Now the road builders roads are congested by hippies with picket signs yelling "Fascist" and "We are the 99%!!!" Rather than do something about the totally uncooperative RV manufacture flouting industry standards, they expect all the road builders to expand all the roads to 8 lane highways for free, and not raise the price. They cite the Autoban as an example of how "all of Europe" is better than what we have. Meanwhile the road builder is accepting offers on the road and quietly trying to buy a chain of pizza places because this is just to infuriating to deal with anymore.
Support is Redhats only real product... (ok, they probably do development work to if you pay them to)
I'm sure they would support competitors products if you put it in your support contract. This is more like them clarifying "Our cheapest support contracts doesn't cover 3rd party stuff" but I guarantee if you're a top tier customer they're going to bend over backwards to help you. It's not like their Oracle and you're stuck with them. Their competitors OS's are compatible and just as free as theirs.
Google is only installing fiber in major metropolitan areas. They have a few thousand people served. At best you'll see major markets like New York, Chicago, Austin, etc...
Most places in this country will literally never get fiber. ISPs are slowing deployment of it due to expense. I suspect the ISPs are concerned a wireless tech breakthrough could torpedo their business... and they very well may be right.

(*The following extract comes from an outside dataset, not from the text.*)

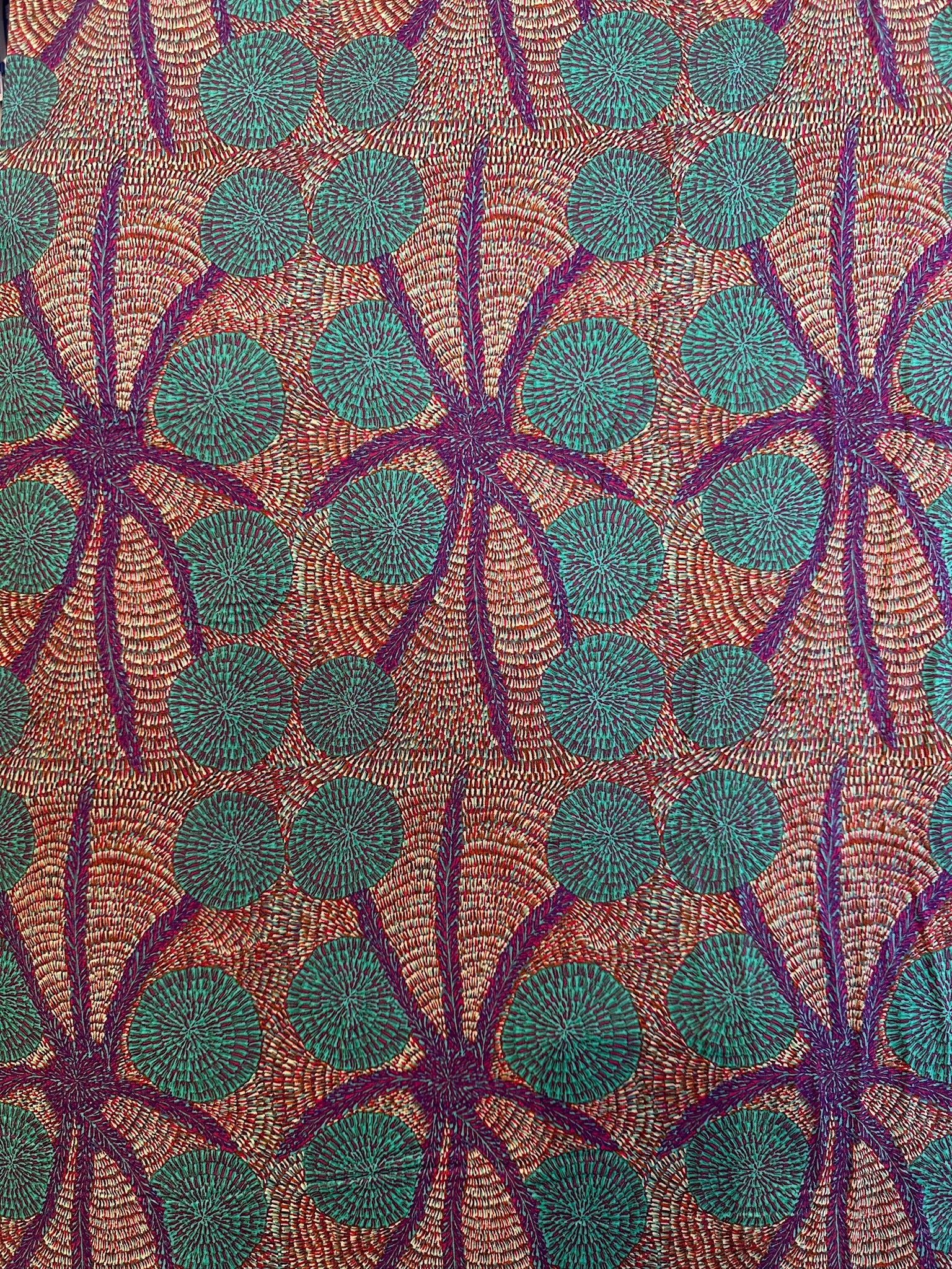Cotton Sheeting, Aboriginal Prints, Bush Medicine with Long Stripes, Purple

Customers always go with the cheapest provider, so they can't afford infrastructure improvements without cutting themselves out of the market.
Actually, as long as you force them to disclose the transfer caps, it becomes a potential selling point. When I was forced to transfer to an ISP with a cap, it didn't take me more than a month to see my usage. I certainly know that transfer was an important point when I was shopping for my VPS.

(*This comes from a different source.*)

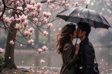 This image depicts a romantic scene:two people walking under magnolia trees, holding an umbrella.The background is filled with blooming magnolia with petals falling in the wind,creating a dreamy and tranquil atmosphere.magnolia often symbolize the arrival of spring and the fleeting beauty of life,and the magnolia in the rain add a poetic and romantic touch.
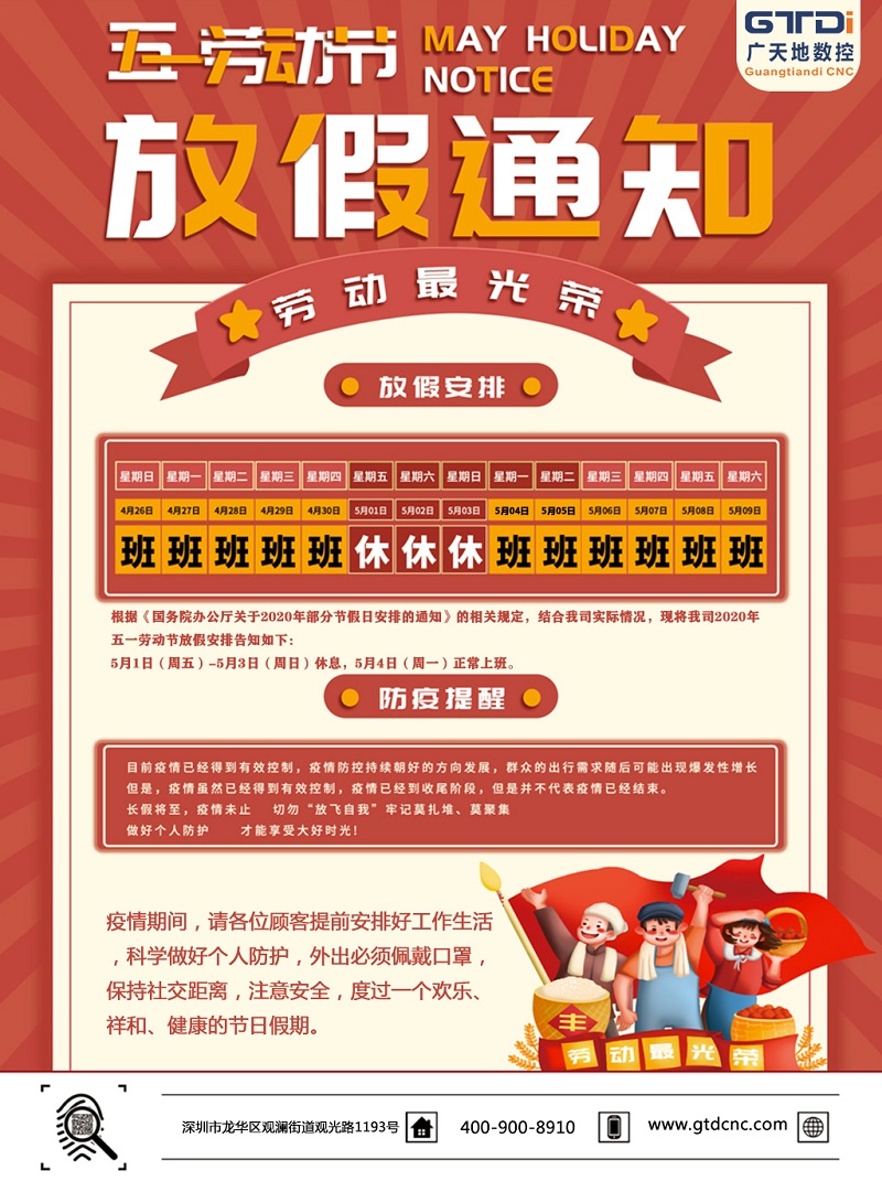 2020年bg真人电子数控公司五一劳动节放假时间安排

Yes, but the ISP doesn't want you. They want you to go away. They want your parents. You moving to a provider with a higher cap is a good thing. (at least for now)
As for 'infrastructure', I'd have to point out that much of the rest of the developed world manages to offer 10-1000 mbit to 'everyone'.
Not even remotely true. Only 1 country on earth has above 50% broadband coverage: Liechtenstein http://en.wikipedia.org/wiki/L... It's all about population density. The more tightly your population is packed in, the cheaper it is to serve them.
My 'free market' solution is to start removing artificial barriers towards companies running their own infrastructure. I'd downright subsidize 'neighborhood cooperatives'. It's a known fact that if you even threaten these guys with competition that suddenly it's profitable to offer 100X the service at the same price.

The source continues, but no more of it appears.